The plot when the patient contracted the vius after visiting wuhan as a tourist is given below.
koreaplot2<-data2 %>% filter(country =="South Korea") %>% #plotting date vs cases' count in South Korea particularly who visited Wuhan as tourist and got infected with covid-19
ggplot(aes(date, case_in_country,colour=visiting.Wuhan)) +
theme_grey(base_size = 15)+
theme(axis.text.x = element_text(angle =90))+
scale_x_date(date_breaks = "1 week") +geom_line(size=1)+
geom_smooth(method = "lm",colour="blue",lwd=1)+
xlab("Reporting Date of the Patient")+
ylab("Number of cases tested positive")+
ggtitle("Patients admitted to hospitals in South Korea")+ylim(0,1500)

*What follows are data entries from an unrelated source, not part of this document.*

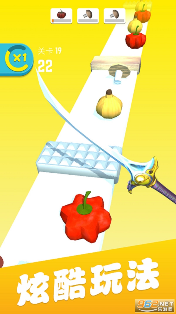 一款休闲解压小游戏,玩家可以利用手中的不同道具,以最快的速度和最少的失误完成切水果的任务。注意哦,道具碰触水晶障碍游戏立即结束,流畅的切水果体验,酷炫的动画效果,多种多样的切水果道具,任你畅玩。
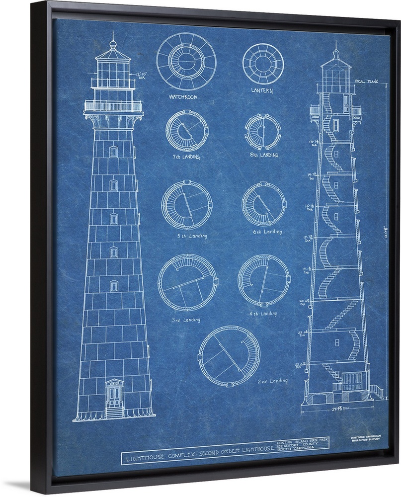 <p>Contemporary artwork in technical blueprint style of Hunting Island lighthouse.</p>
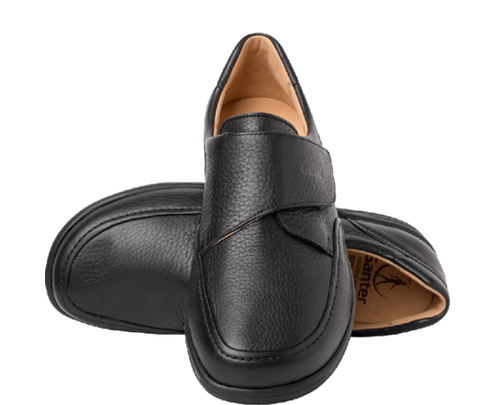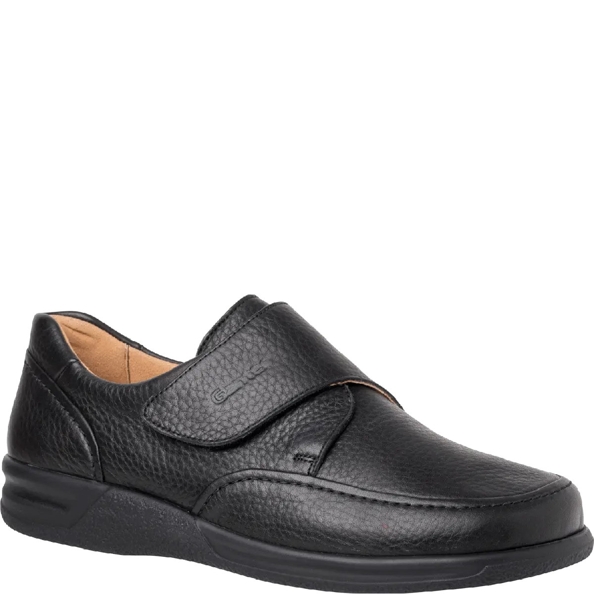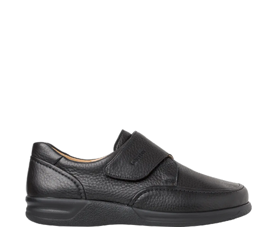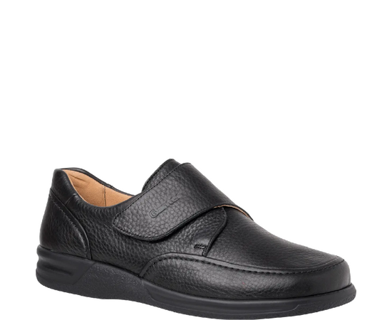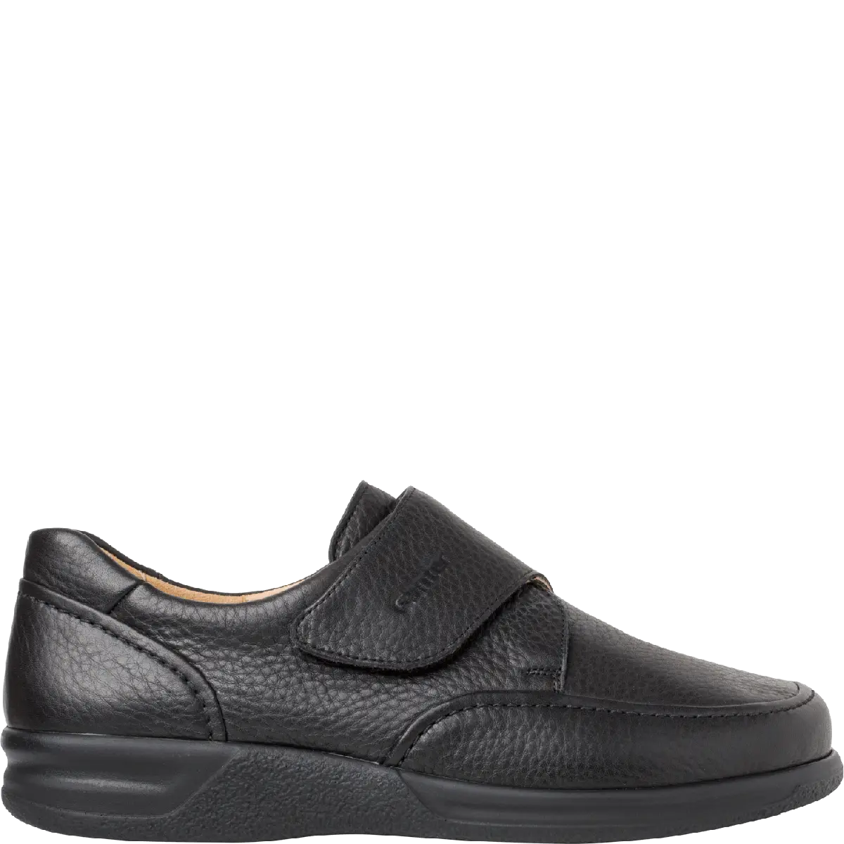 Ортопедичні туфлі GANTER Kurt з серії Sensitiv м'які і комфортні, створені спеціально для дуже чутливих ніг (без давлячих швів та зі спеціальною м'якою устілкою). Виготовлені із чорної шкіри наппа з практичною застібкою-липучкою, зручний універсальний віріант. Ортопедична устілка з'ємна, що дозволяє використовувати індивідуальну ортопедичну устілку. Підошва дуже легка і має відмінну амортизацію. У них Вам буде комфортно в будь-якій ситуації. Це відмінне придбання для гардероба в стилі Casual і для володарів чутливих стоп. Носити взуття цілий день без проблем – KURT робить це можливим!
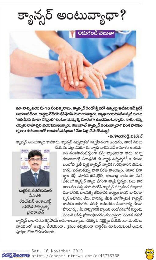Dr. K. Kiran Kumar is a Consultant Radiation Oncologist at Yashoda Hospitals, Somajiguda, with over 18 years of experience.
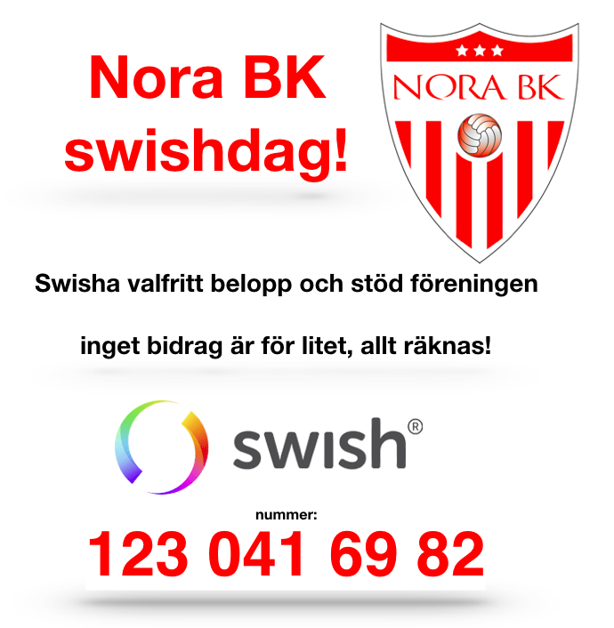 Under lördagen så genomfördes en Swishdag för att samla in pengar till klubben. Nora BK är absolut ingen klubb i kris på något sätt, det vill vi förtydliga. Men som ni säkert vet så är varje krona viktig för en förening. Och vi kan glädjande redovisa att Swish-dagen gav ca 7600 kr in till föreningen. Ett stort tack till alla er som var med och stöttade oss! Tillsammans är vi Nora BK! Missade du Swishdagen? Ingen fara i så fall, för genom att verktyg som Laget.se tagit fram så finns möjligheten att när du vill stötta din lokala förening ekonomiskt. Det är en insamling som kommer ligga rullandes på vår hemsida under hela säsongen. Klicka in HÄR för att läsa mer och lämna ditt bidrag. Återigen, stort tack till alla som stöttar oss i vått och torrt!

japanplot2<-data2 %>% filter(country =="Japan") %>% #plotting date vs cases' count in Japan particularly who visited Wuhan as tourist and got infected with covid-19
ggplot(aes(date, case_in_country,colour=visiting.Wuhan)) +
theme_grey(base_size = 15)+
theme(axis.text.x = element_text(angle =90))+
scale_x_date(date_breaks = "1 week")+
geom_line(size=1)+
geom_smooth(method = "lm",colour="blue",lwd=1)+
xlab("Reporting Date of the Patient")+
ylab("Number of cases tested positive")+
ggtitle("Patients admitted to hospitals in Japan")+ ylim(0,1500)

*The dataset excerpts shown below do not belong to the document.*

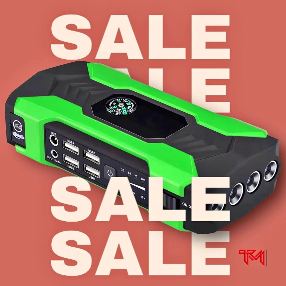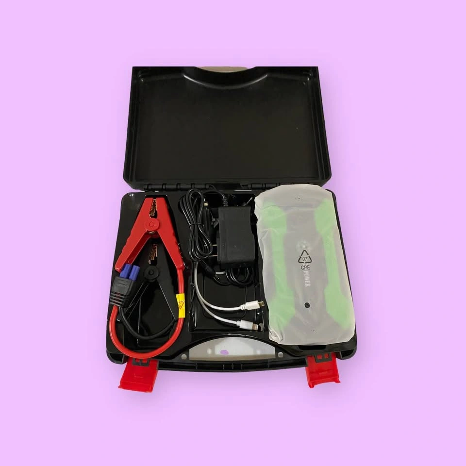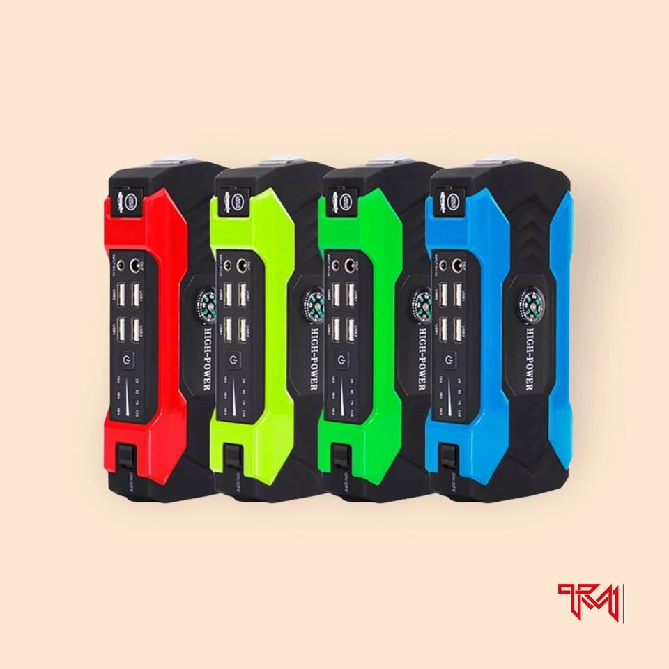 Jump Stater (Arrancador portátil de baterías para vehículos). Multifuncional, con conectores USB para cargar dispositivos móviles, posee potente linterna e indicadores de carga con luces LED.
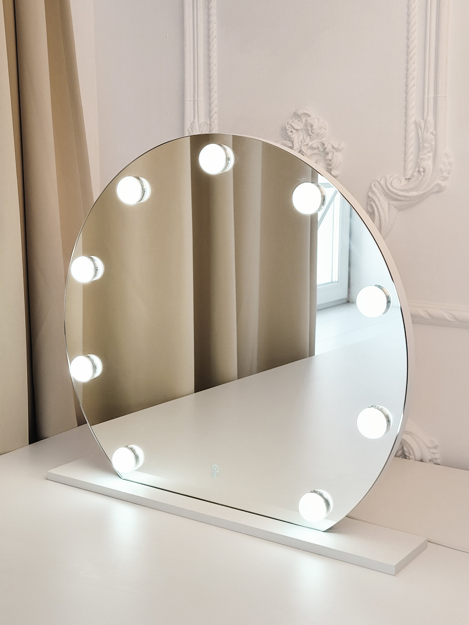 Отзывы на Настольное зеркало на подставке с лампами, кнопка сенсор, 70*70см Белое
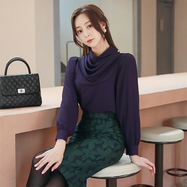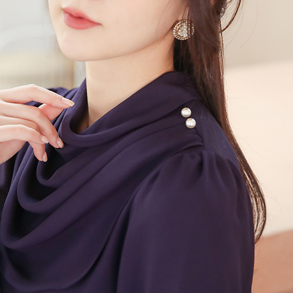 Shoulder Pearl Draping Cowl Neck Blouse

grid.arrange(koreaplot2,japanplot2,ncol=2) #arranges both plots side by side
## `geom_smooth()` using formula 'y ~ x'
## Warning: Removed 32 rows containing missing values (geom_smooth).
## `geom_smooth()` using formula 'y ~ x'
## Warning: Removed 34 rows containing missing values (geom_smooth).